While cloud computing has proven to be beneficial for many organisations, IT departments have been slow to trust the cloud for business-critical Microsoft SQL Server workloads. One of their primary concerns is the availability of their SQL Server, because traditional shared-storage, high-availability clustering configurations are not practical or affordable in the cloud.
Amazon Web Services and Microsoft Azure both offer service level agreements that guarantee 99.95 percent uptime – fewer than 4.38 hours of downtime per year – of IaaS servers. Both SLAs require deployment in two or more AWS Availability Zones or Azure Fault Domains respectively. Availability Zones and Fault Domains enable the ability to run instances in locations that are physically independent of each other with separate compute, network, and storage or power source for full redundancy. AWS has two or three Availability Zones per region, and Azure offers up to three Fault Domains per ‘Availability Set’.
This arrangement guarantees that 99.95 percent of the time at least one of the locations – Availability Zones or Fault Domains – will be operational. In the event of a failure of one location, a load balancer will redirect traffic to the instances in the other location.
For web servers and other non-transactional applications this can be sufficient for high availability. However, simply redirecting clients to a different instance of SQL does nothing to address the fact that each instance will now have a different data set. Something needs to be done to ensure that the data remains in sync between the SQL instances and that client redirection is done seamlessly with minimal downtime.

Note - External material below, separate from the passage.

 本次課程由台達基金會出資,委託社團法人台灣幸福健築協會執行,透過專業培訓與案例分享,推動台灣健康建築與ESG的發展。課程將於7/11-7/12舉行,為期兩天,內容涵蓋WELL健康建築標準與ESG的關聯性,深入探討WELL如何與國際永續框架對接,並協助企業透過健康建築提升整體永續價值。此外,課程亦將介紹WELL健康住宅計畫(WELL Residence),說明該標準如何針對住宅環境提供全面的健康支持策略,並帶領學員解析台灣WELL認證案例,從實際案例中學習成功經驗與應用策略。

For a company experiencing downtime in their Microsoft SQL Server and other important application environments, the modest service fee refunds – a 10 percent refund for falling short of 99.95 percent uptime, and a 25-30 percent refund for falling short of 99 percent uptime – may be of little consolation in the event of a cloud outage. According to analyst firm CloudHarmony, Amazon EC2 and Amazon EBS combined had 46 outages ranging from 19 seconds to 2.8 hours from mid-June 2014 to mid-June 2015. Microsoft Azure Virtual Machines and Object Storage experienced 242 outages ranging from 10.4 minutes to 13.16 hours during the same period.

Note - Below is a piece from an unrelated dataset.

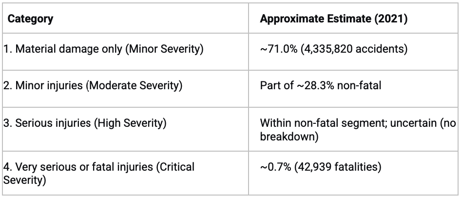 Within this 29%, public data does not break down how many injuries were minor, serious, or very serious/fatal. However, it is known that there were 42,939 fatalities, representing only 0.7% of total accidents: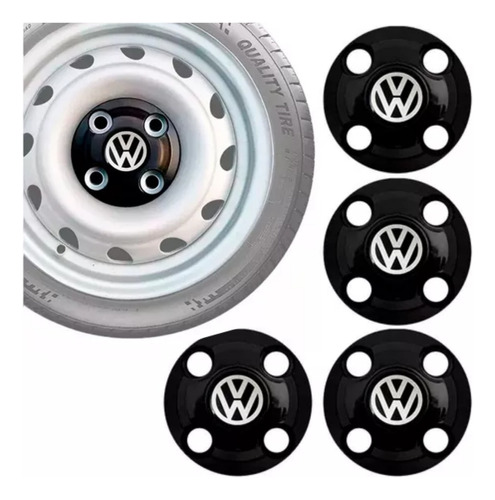 Jogo Calota Centro Roda Ferro VW Eurovan Aro 13 14 15 4 Furos Preta Brilhante

High availability in cloud environments
To make the cloud practical for business critical applications, you need a way to mitigate downtime using high availability protection – traditionally failover clusters. In a failover cluster, two or more servers are configured with shared storage – typically a SAN. In the event of a failure on the primary server, software such as Windows Server Failover Clustering moves the application operation to the secondary server. Since both servers share storage, operations can continue without data loss. Seamless failover/failback also enables software updates and patches to be installed while minimising downtime associated with planned maintenance.
The problem is, in most cloud environments, including in both AWS and Azure, cluster-aware shared storage is not available. This gives DB administrators two basic options: keep Microsoft SQL Server and other critical applications on-premise or add replication software to create a SAN-less cluster in the cloud.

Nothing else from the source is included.